[SUPPLIED INFORMATION — start]

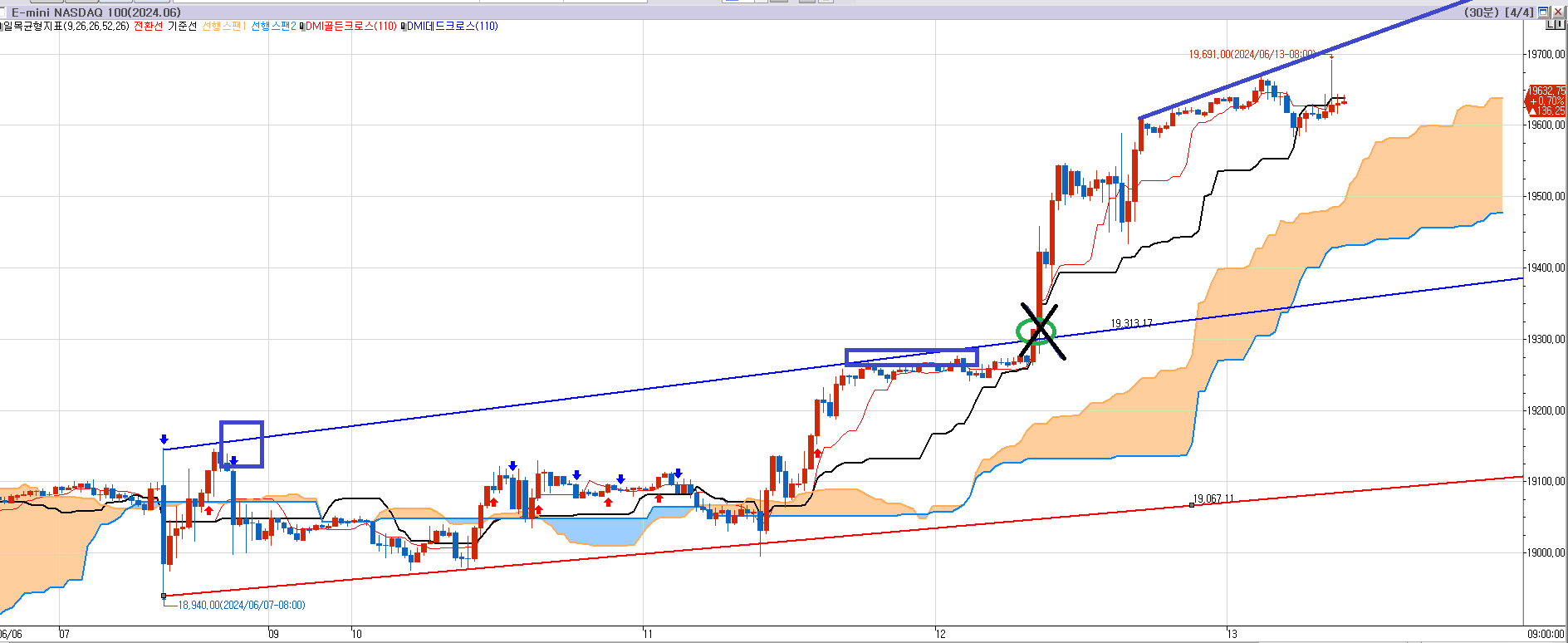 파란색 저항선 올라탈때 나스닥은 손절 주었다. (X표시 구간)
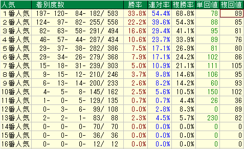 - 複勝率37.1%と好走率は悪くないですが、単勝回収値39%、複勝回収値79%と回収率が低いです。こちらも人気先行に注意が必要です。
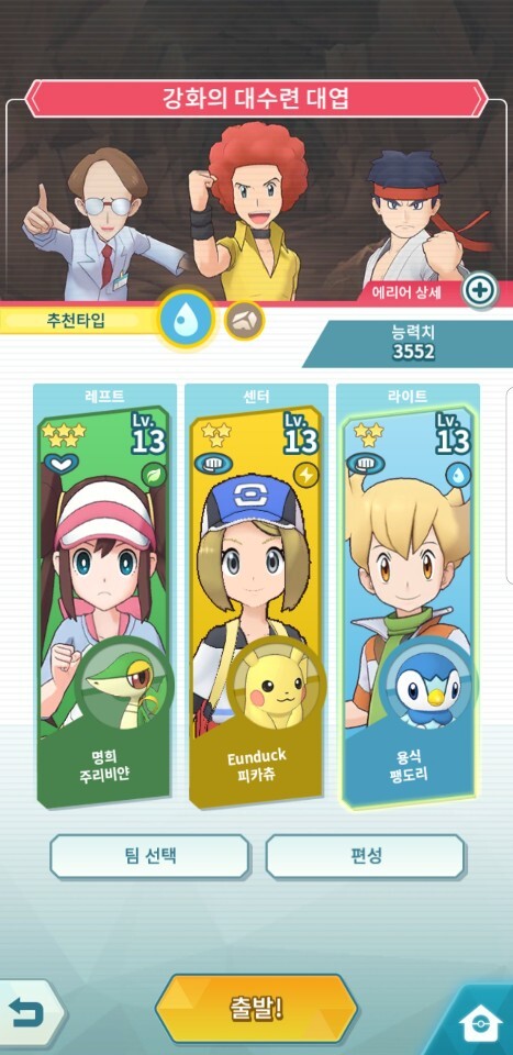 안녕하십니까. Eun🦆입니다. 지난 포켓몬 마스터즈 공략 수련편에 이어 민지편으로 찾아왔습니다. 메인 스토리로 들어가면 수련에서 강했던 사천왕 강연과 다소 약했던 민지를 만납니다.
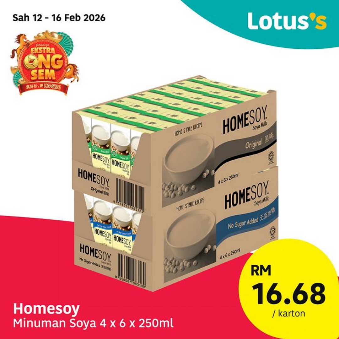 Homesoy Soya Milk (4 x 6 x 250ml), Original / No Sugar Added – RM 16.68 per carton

[SUPPLIED INFORMATION — finish]

TASK DETAILS: Begin at the line containing "안녕하십니까. Eun🦆입니다. 지난" and stop at the final line of the data. Retype those lines exactly, without the pictures.

EXPECTED ANSWER:
 안녕하십니까. Eun🦆입니다. 지난 포켓몬 마스터즈 공략 수련편에 이어 민지편으로 찾아왔습니다. 메인 스토리로 들어가면 수련에서 강했던 사천왕 강연과 다소 약했던 민지를 만납니다.
 Homesoy Soya Milk (4 x 6 x 250ml), Original / No Sugar Added – RM 16.68 per carton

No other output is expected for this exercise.